Point of View

Future of Obamacare bleak for North Carolinians

July 6, 2014 

  • By the numbers

    $1,384 Expected cost increase of an individual exchange health plan in North Carolina within five years

    $4,131 Cost increase of a family exchange health plan within five years

    224,100 Increase in the uninsured within five years

    Read the study at


North Carolinians need to buckle up. Over the next few months, you’ll learn how much your health insurance premiums will go up for next year. The early evidence isn’t good – the percentage increase could be in the double digits. But that’s nothing compared with what you’ll face in 2017.

In May, I released a comprehensive study showing how the Affordable Care Act – otherwise known as Obamacare – will likely play out in North Carolina over the next few years. The diagnosis isn’t good.

First, the short version. In two years, the ACA’s structural problems will lead to substantial premium increases. Once that happens, North Carolinians will likely leave the insurance market in droves. They’ll have little choice – they won’t be able to afford health insurance because federal subsidies won’t keep up with the rapid price increases. Within a decade, this could swell the ranks of the state’s uninsured by 57 percent.

This isn’t baseless speculation. I reached this conclusion by using a peer-reviewed economic model published in several health journals. It was funded by both private and government sources, including the Department of Health and Human Services, and has been cited by multiple Supreme Court justices in ACA-related rulings.

But why won’t this happen until 2017? Because that’s the year the Affordable Care Act goes into full effect and certain temporary provisions begin to sunset. The changes will affect all plans sold for 2017 and beyond.

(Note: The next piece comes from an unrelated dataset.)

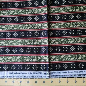 1 YARD Green & Red Striped Patterned "NOEL" By Susan Winget For Benartex

Two big changes will occur that year: Insurance companies will no longer have access to ACA’s “re-insurance” and “risk corridor” programs. The first item currently allows insurers to bill the government for the most expensive patients; the second one guarantees that the industry’s losses will be subsidized by you. When these two programs end, the insurance industry won’t have access to taxpayer money.

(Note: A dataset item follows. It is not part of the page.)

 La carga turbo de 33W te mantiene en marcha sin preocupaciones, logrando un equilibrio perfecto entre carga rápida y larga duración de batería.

That leaves North Carolinians to pick up the tab. Without taxpayer money, insurers in the state will increase plan premiums to cover the sudden shortfall. They’ll have no other choice – the other option is to go out of business.

You might not have a choice, either. The data predict that the average 2017 premiums for a bronze family plan in North Carolina may jump from $8,000 to $12,500 – an increase of 55 percent. Undoubtedly, this will be far too expensive for many people. No insurance may be the only financially sound option

This will cause a chain reaction in the insurance market. As people leave the exchanges, insurers will have fewer customers who can shoulder health care costs. Thus, for 2018, they’ll have to raise prices again – which will only cause more people to leave. This cycle could repeat itself indefinitely.

Employer health care coverage won’t stem the losses. After 2016, many businesses will stop offering health insurance because it’s also getting too expensive for them. I estimate that over 300,000 people will lose employer coverage in North Carolina over the next decade.

This rapid turn of events leaves more North Carolinians who need health insurance from the exchanges. Those same exchanges, meanwhile, are hemorrhaging customers because they’re becoming more expensive every year. Stuck in this cycle, many will find the IRS “shared responsibility fee – the tax for not having health insurance – a far cheaper option. My analysis indicates that this could increase the number of uninsured by 57 percent to nearly 1.6 million within a decade.

Think of what this means for the Affordable Care Act. Its architects promised that it would make health care cheaper while providing universal health care. Instead, it will make health care unaffordable for many while leaving more North Carolinians uninsured. This health care cure may be worse than the disease.

Dr. Stephen Parente is a professor of Health Finance, the associate dean of the Carlson School of Management and director of the Medical Industry Leadership Institute at the University of Minnesota.